Зеленые, сине-белые, красно-дымчатые камни легли на стол, и, – странно, отметил для себя Литвинов, – стол сразу же стал иным, тяжелым, и не светлым вовсе, а темным, вбирающим в себя загадочные высверки камней. Камни, казалось, только изредка вбирали в себя жухлые лучи солнца, и тогда холодно выстреливали граненым, переливным, звездным светом, и длилось это всего мгновение, а после солнце растворялось в молчании камня, и он, продолжая быть прежним, тем не менее становился иным – в таинственном, сокрытом от человеческого понимания качестве: он вбирал в себя свет навсегда – прочно и жадно.

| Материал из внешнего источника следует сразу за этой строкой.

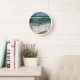 Este Wall Clock cuenta con un paisaje marino, con vistas al océano Atlántico desde la playa de Juno, Florida. Las olas están rodando en la arena, hasta nuestros pies, con un cielo azul encima, lleno de nubes blancas sucias.
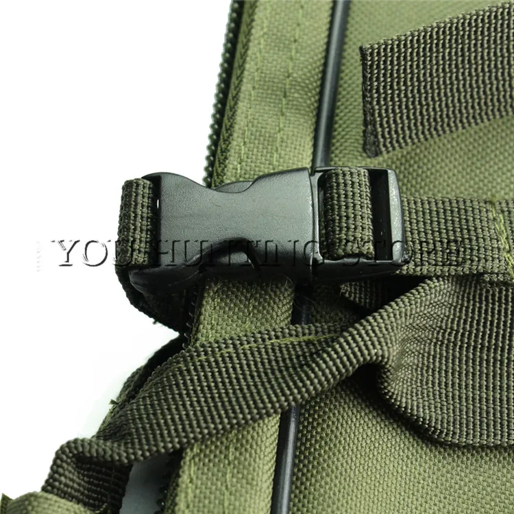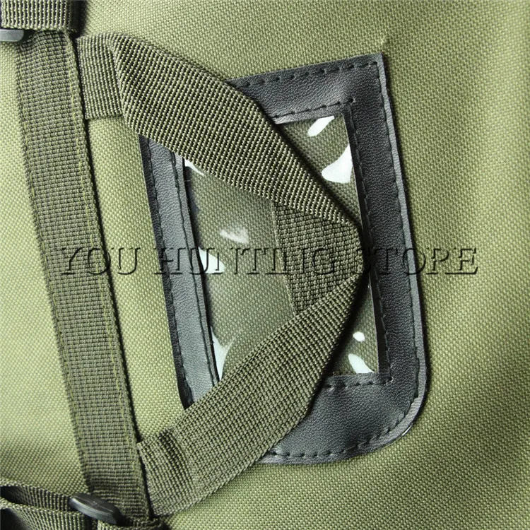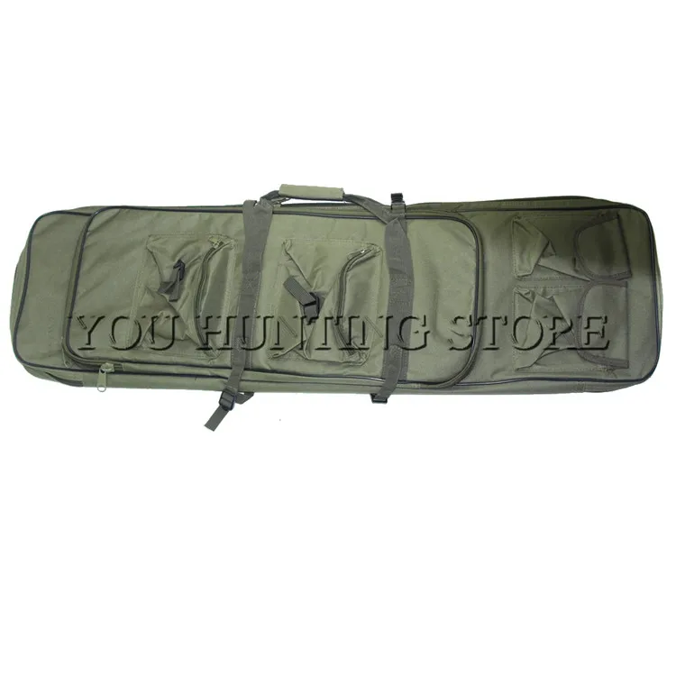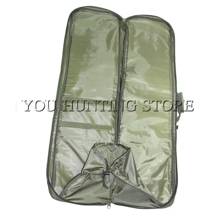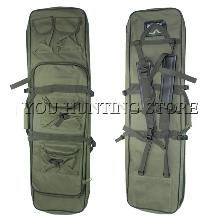 1. Hecho con material de nailon de alta densidad. 2. Contiene una cubierta extendida capaz de almacenar el rifle con una longitud máxima de 95 cm. 3. Bolsa de pistola más pequeña capaz de sostener un rifle de 95 cm de largo. 4. 2 cremalleras y 2 bolsas pequeñas con tapa v-lcro para llevar revistas o engranajes pequeños. 1 gran compartimento con cremallera en la parte trasera. 5. Soporte de foto/Tarjeta De Nombre en la parte posterior. 6. Con 2 correas para llevar a mano. 7. Correa de hombro acolchada ajustable y correa de pecho. 8. Con acolchado grueso para protección. 9. Perfecto para actividades de guerra al aire libre.
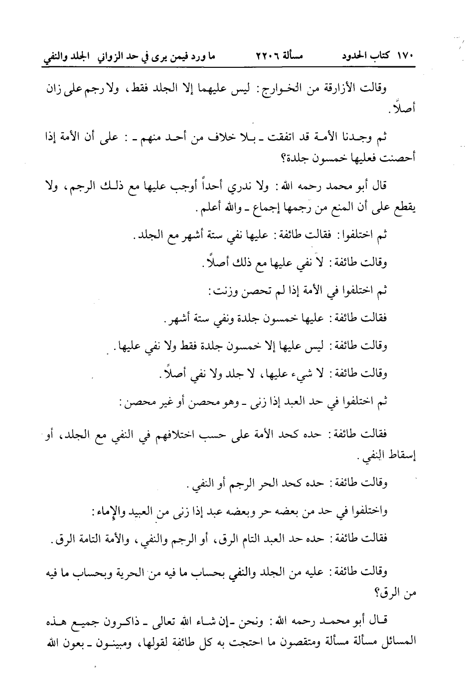 وَقَالَتْ طَائِفَةٌ: عَلَيْهِ مِنْ الْجَلْدِ وَالنَّفْيِ بِحِسَابِ مَا فِيهِ مِنْ الْحُرِّيَّةِ وَبِحِسَابِ مَا فِيهِ مِنْ الرِّقِّ؟ قَالَ أَبُو مُحَمَّدٍ - رَحِمَهُ اللَّهُ -: وَنَحْنُ - إنْ شَاءَ اللَّهُ تَعَالَى - ذَاكِرُونَ جَمِيعَ هَذِهِ الْمَسَائِلِ مَسْأَلَةً مَسْأَلَةً وَمُتَقَصُّونَ مَا احْتَجَّتْ بِهِ كُلُّ طَائِفَةٍ لِقَوْلِهَا، وَمُبَيِّنُونَ - بِعَوْنِ اللَّهِ
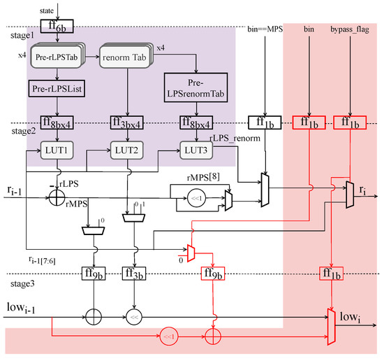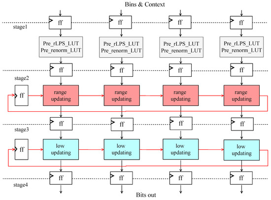 In the first stage of the pipeline, in addition to the pre-rLPScalculation and pre-renormalize, a pre-lookup table and storage structure for the renormalization count are added. The renormalization count candidates are stored in registers and will determine the final value in the second-stage pipeline, which will participate in the renormalization calculation of low. In a basic four-bin BAE, either a regular or a bypass bin must be encoded sequentially. As we can see through the previous section, the update phase of range in a single-path pipeline architecture becomes the critical path, while the update of low is more straightforward.
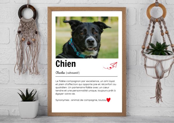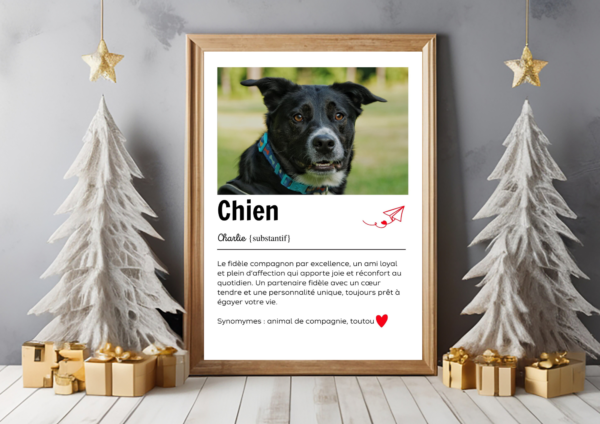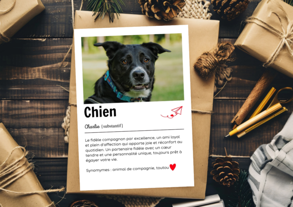 L’affiche « Définition Chien » est un cadeau parfait pour tous les amoureux des chiens qui souhaitent célébrer leur fidèle compagnon à quatre pattes. Personnalisable avec le prénom de votre chien, cette affiche capture avec tendresse et humour la relation spéciale qui existe entre un chien et son maître. Idéale pour décorer une maison ou offrir en cadeau à un ami, cette affiche ajoutera une touche de douceur et de style à n’importe quel espace de vie.
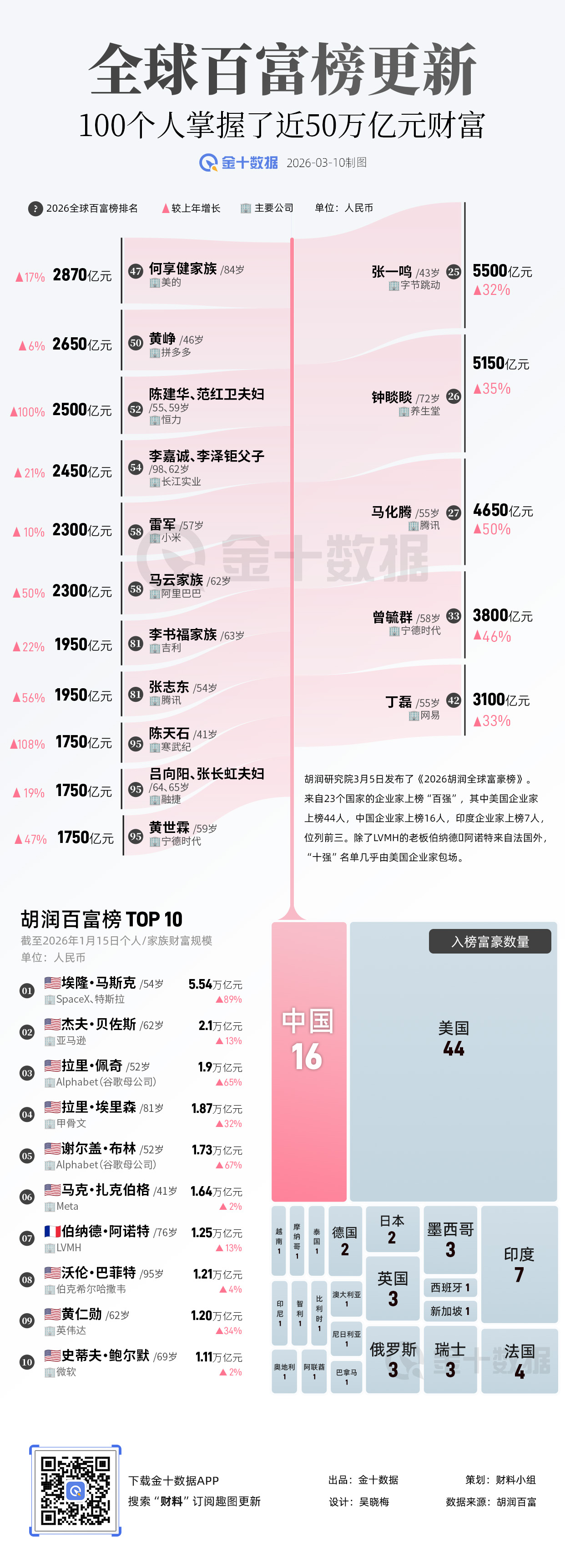 4小时前 全球百富榜更新!100人掌握了全球50万亿元财富|财料
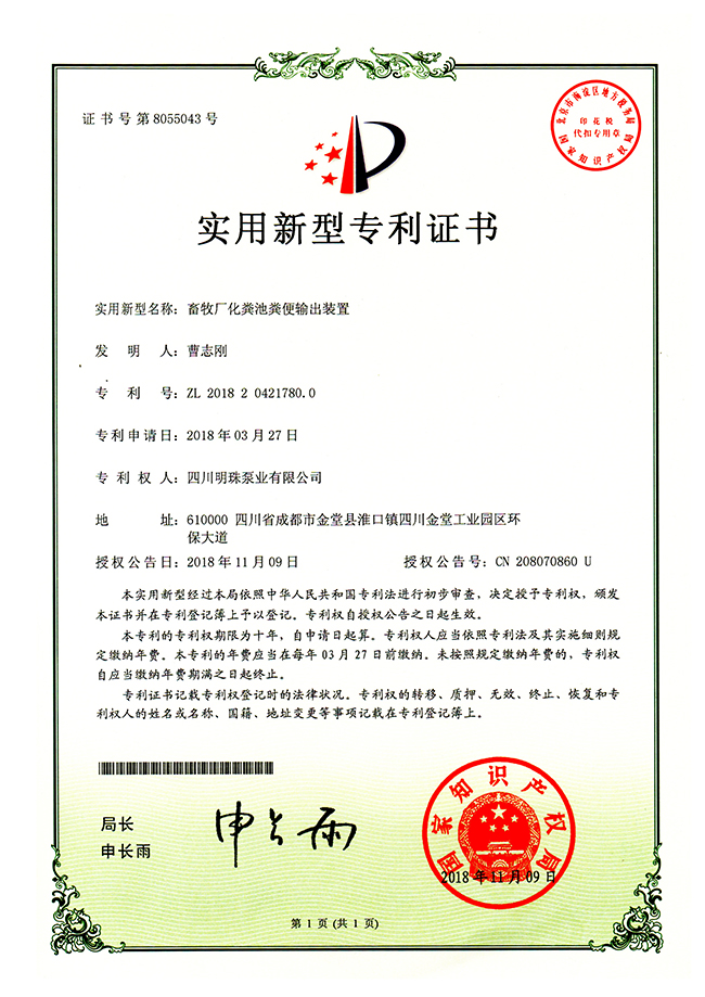 《畜牧厂化粪池粪便输出装置》实用新型专利证书

– Любите камни? – услышал Пожамчи голос посла. Он услышал его глуховатый голос откуда-то издалека, и было противно слышать этот голос, потому что он был сух и обычен, а Пожамчи, разглядывая камни, всегда говорил шепотом – как в храме божьем.

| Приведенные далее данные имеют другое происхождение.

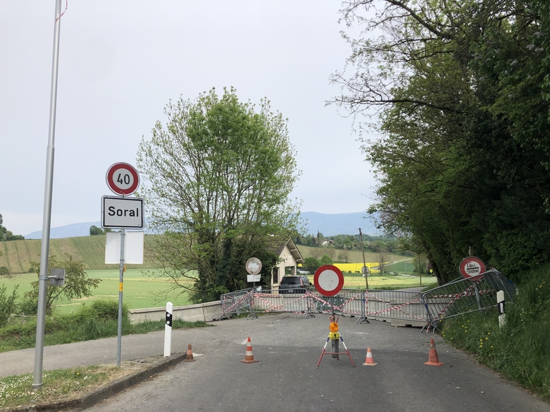 - Des barrières ont été installées à la douane de Soral pour interdire le passage en France.
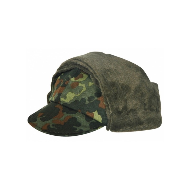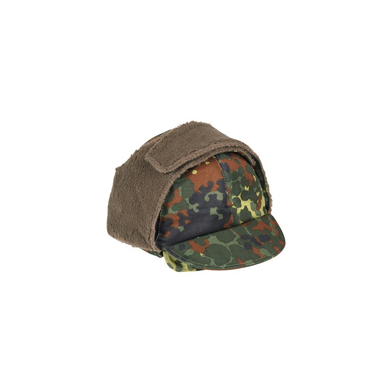 Матерчатая кепка, очень хорошо подходит для суровых зимних условий, шея и уши выполнены с применением искусственного меха, уши имеют липучки, которые застегиваются под подбородком, это обеспечивает отличную фиксацию кепки на голове.
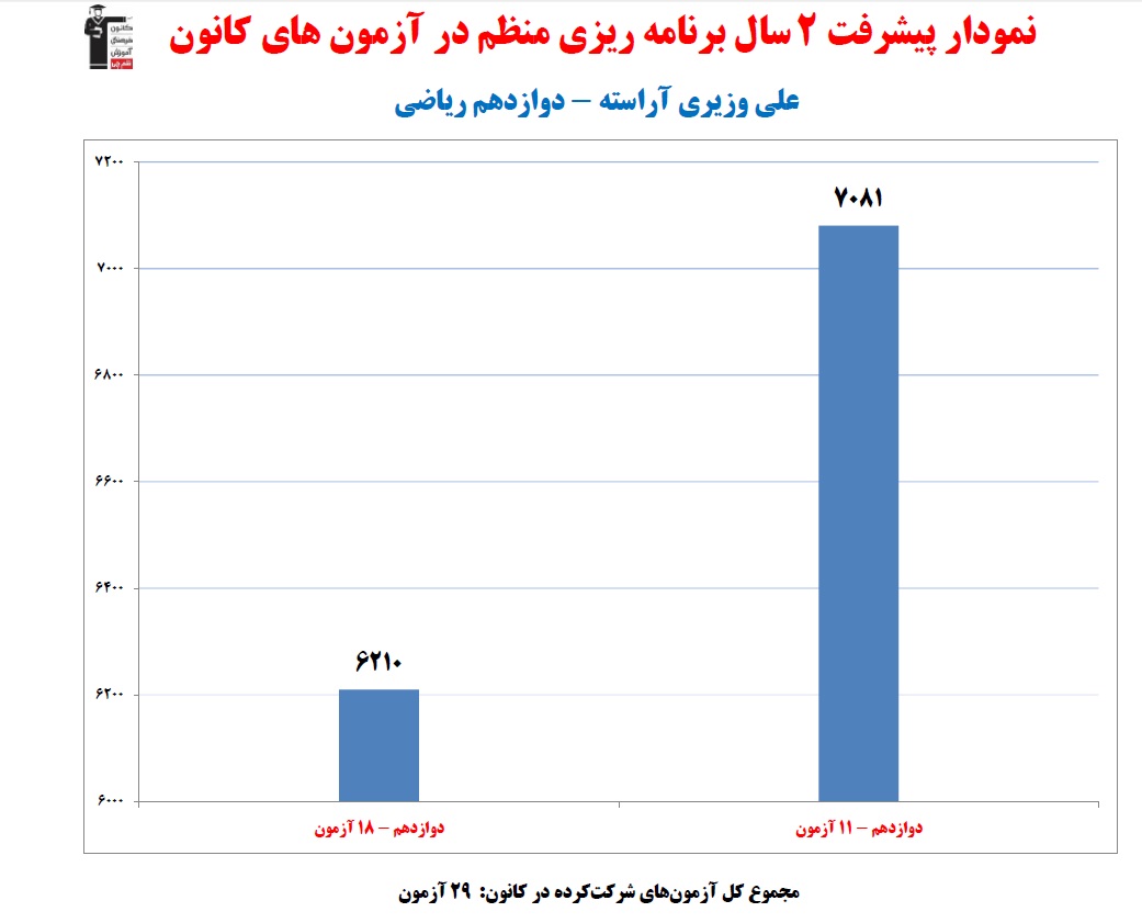 علی وزیری آراسته؛ نمودار پیشرفت در 2سال، 634 پاسخ صحیح، دوزادهم ریاضی
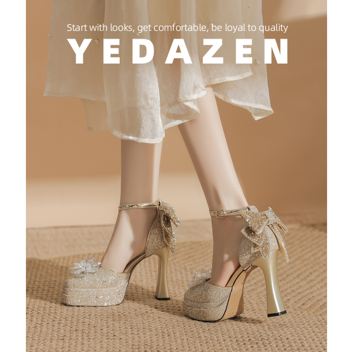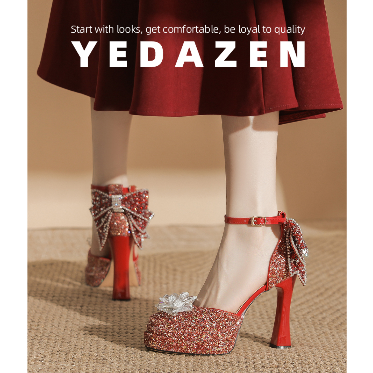 水钻粗跟高跟鞋防水台红色新娘婚鞋禾秀婚纱两穿订婚鞋女2025新款
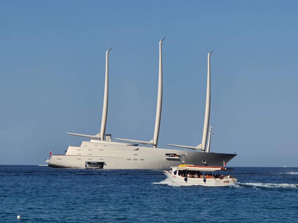 Nettes Gimmick auf der Fahrt zurück: die größte Segelyacht der Welt, die SY A, ankerte direkt vor der Cala Luna und präsentierte sich in der späten Nachmittagssonne als unübersehbares Monument. 400 Millionen Euro soll der Bau gekostet haben. Die Segelyacht ist 142,81 Meter lang, 24,88 Meter breit und verfügt über eine Unterwasser-Lounge, vier Beiboote, sowie ein Mini-U-Boot. Sie gehört dem russischen Milliardär Andrei Melnitschenko.

– Как же их не любить? – ответил он. – Тут за каждым камнем – история.
– Вот этот, например, – спросил Литвинов, притрагиваясь пальцем к большому серо-голубому жемчугу. – Он же бесцветный и неинтересный…
– Жемчуг умирает, если не чувствует тела рядом с собою. Камень стал таким жухлым оттого, что пролежал пять лет в хранилище. Жемчуг относится к тому редкостному типу драгоценных камней, которые знают влюбленность. Вот смотрите. – Пожамчи положил камень под язык и замер. Он просидел так с минуту, потом достал жемчуг из-за щеки. – Видите? Камень начал розоветь. Его можно спасти. Он умрет лет через десять, если его не носить на руке, а держать в душном подвале. Вот эти бриллианты – из филаретовского хранилища. Бриллиант врачует сердце. Если, например, носить бриллиантовую заколку в галстуке, у вас никогда не будет сердечных болей… Эти изумруды из Саксонии, их в руках своих держал Фридрих Великий, шведский Карл, Петр Первый… А после они были в руках людей моей профессии – поэтому, верно, и сохранились; мы ведь молчуны – как все влюбленные…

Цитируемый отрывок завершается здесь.